Tsvangirai, Morgan

The Columbia Encyclopedia, 6th ed.

Tsvangirai, Morgan

Morgan Tsvangirai (chän´gərī´), 1952–2018, Zimbabwean trade unionist and political leader. In the 1970s, while working in a nickel mine, he joined the Associated Mineworkers Union. Rising through the ranks, he was elected (1988) secretary-general of the Zimbabwe Congress of Trade Unions, and a decade later (1997–98) led a series of crippling strikes precipitated by high taxes. The strikes led the trade union congress to break with the ruling Zimbabwe African National Union–Patriotic Front (ZANU-PF). Tsvangirai resigned (1999) his union post to help found the Movement for Democratic Change (MDC), a political party opposed to President Robert Mugabe and the ZANU-PF.

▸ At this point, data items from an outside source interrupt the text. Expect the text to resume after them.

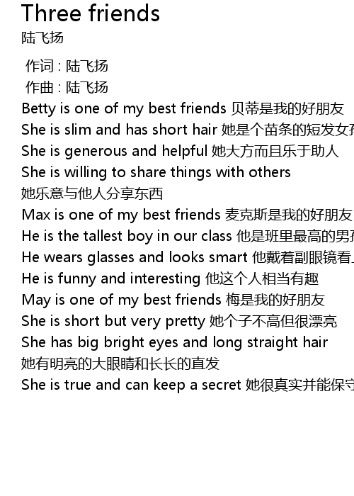 | [00:19.52] | Betty is one of my best friends bei di shi wo de hao peng you |
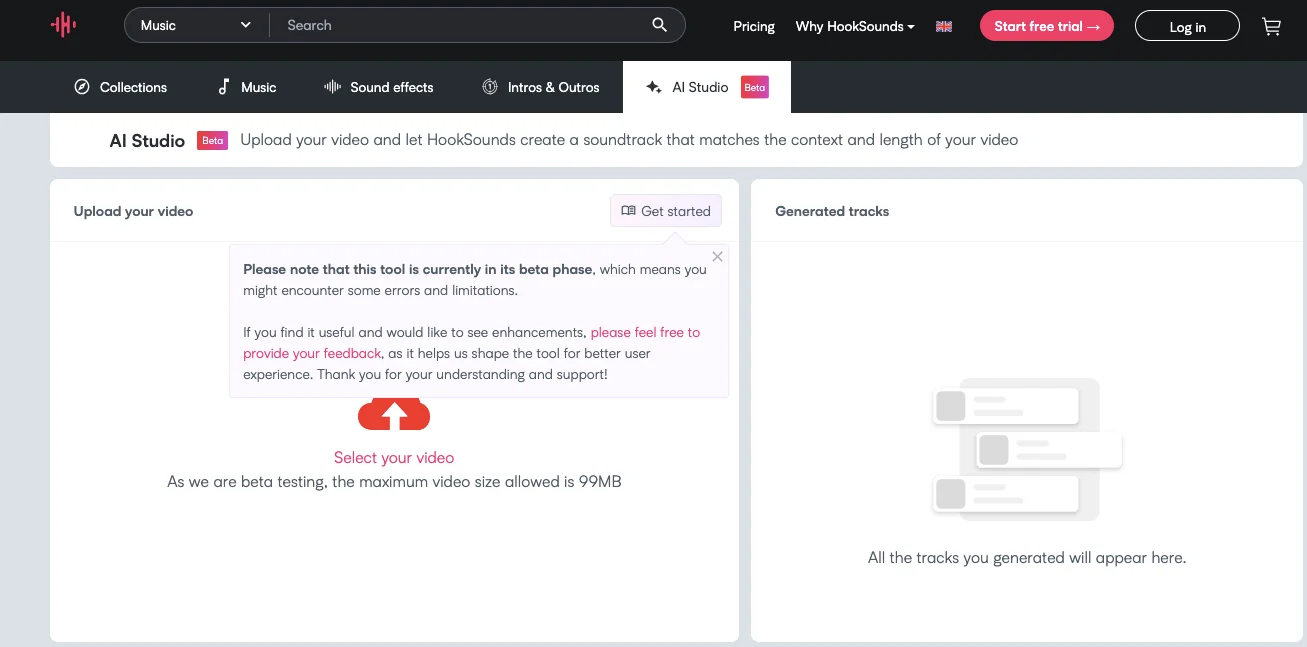 Платформа с бесплатной музыкой, звуковыми эффектами, интро/аутро и AI Studio для легкого создания собственных саундтреков.
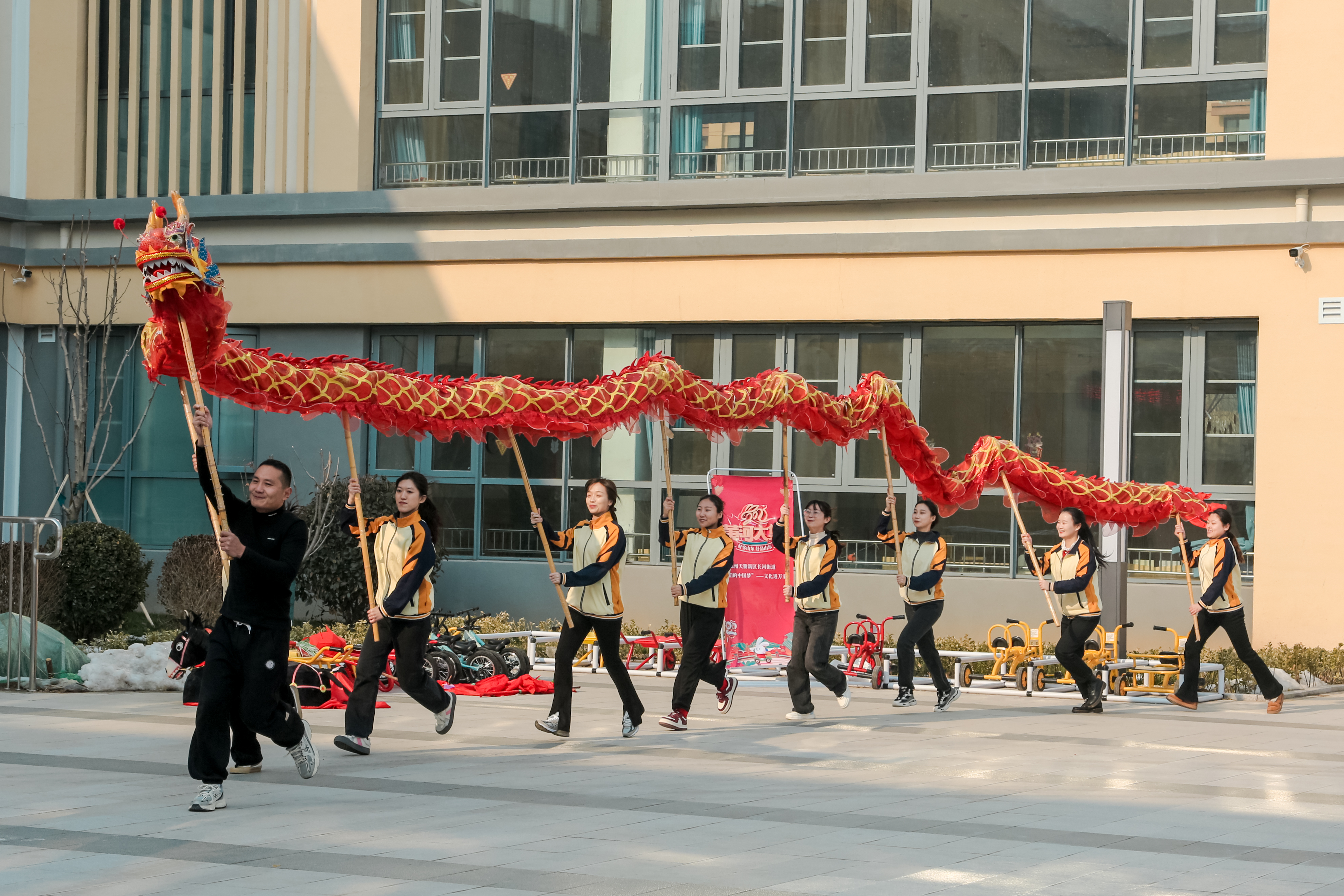 12月28日,德州天衢新区长河街道明德社区联合德州市直机关幼儿园天衢新区分园,举办“弘扬传统文化 做有根的中国娃——暨非遗文化走进幼儿园游园活动,本次活动含京剧、杂技、舞龙、扭秧歌等表演,一张张脸谱让小朋友们充满好奇,精彩唱腔让人赞不绝口,大秧歌跑驴让家长和孩子们捧腹大笑,舞龙表演让全场精神焕发、掌声雷动。
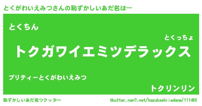 | 可愛いあだ名 | 『とくうちぇる』『とくがわいえみつママ』 |
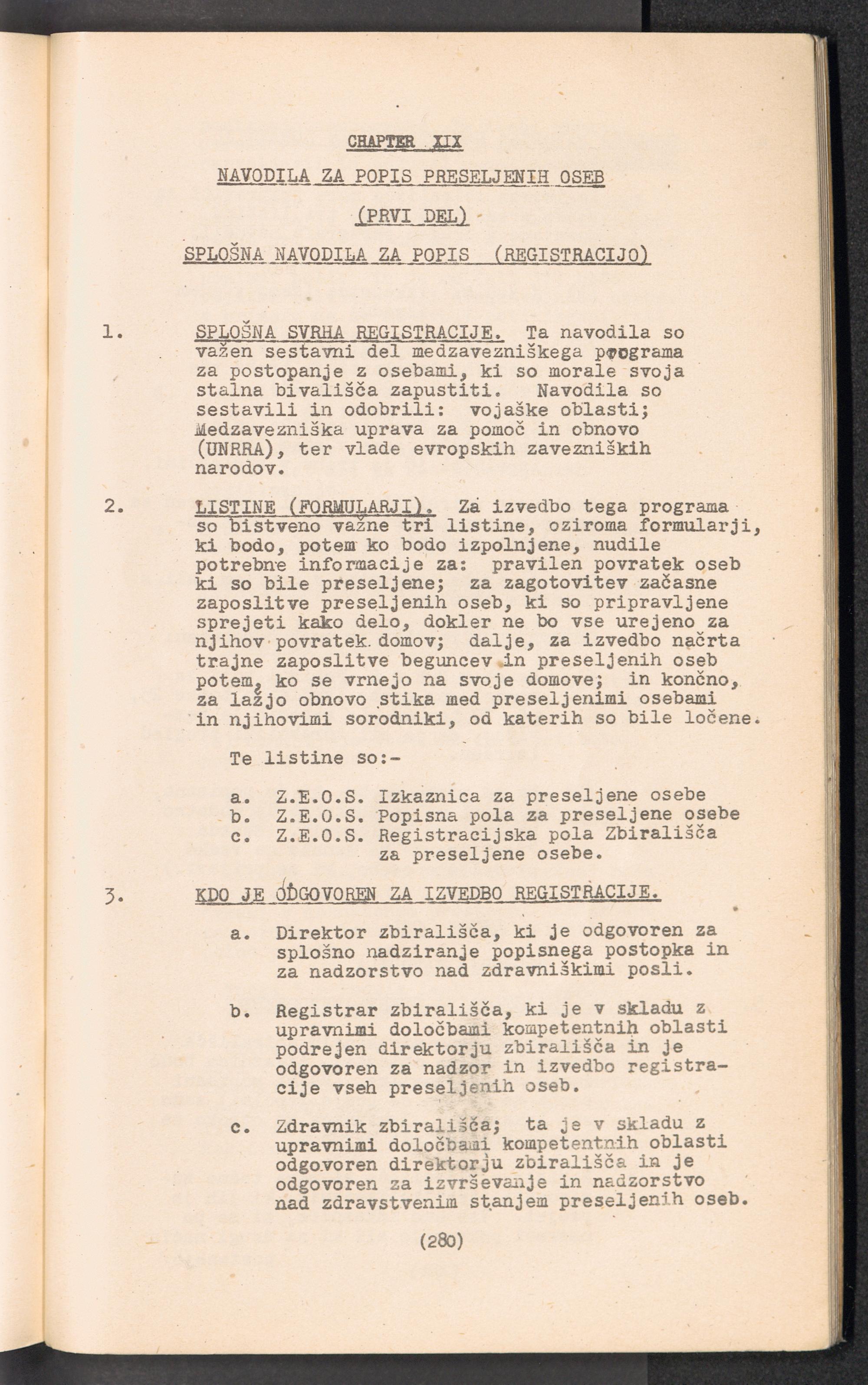 Displaced Persons - Registration Instructions Chapter XIX (Slovene)

As head of the MDC, Tsvangirai ran for president in 2002 and was defeated, many believe by fraud and intimidation. He also was charged with treason for an alleged assassination plot against Mugabe; he was acquitted, charged with treason again (2003), kept in virtual house arrest, and again acquitted (2004). The MDC split in 2005, and Tsvangirai headed its larger faction; it was reunited after the 2008 elections. In 2007 he was arrested and savagely beaten by Zimbabwean police. He again ran for president in the Mar., 2008, election. The MDC won a parliamentary plurality, and Tsvangirai won a plurality in the presidential contest, triggering a runoff. Subsequent widespread violence against his supporters and threats against himself led Tsvangirai to withdraw from the runoff. A power-sharing agreement in Sept., 2008, called for Tsvangirai to become prime minister; the installation of the government stalled over the assignment of cabinet posts, but he took office in Feb., 2009. The government (2009–13), however, suffered from tensions between ZANU-PF, which fundamentally was not committed to the coalition, and the MDC. In 2013 he again lost the presidential race, which once again was marred by irregularities.

See S. Chang, Citizen of Africa: Conversations with Morgan Tsvangirai (2005); biography by S. Hudleston (2005).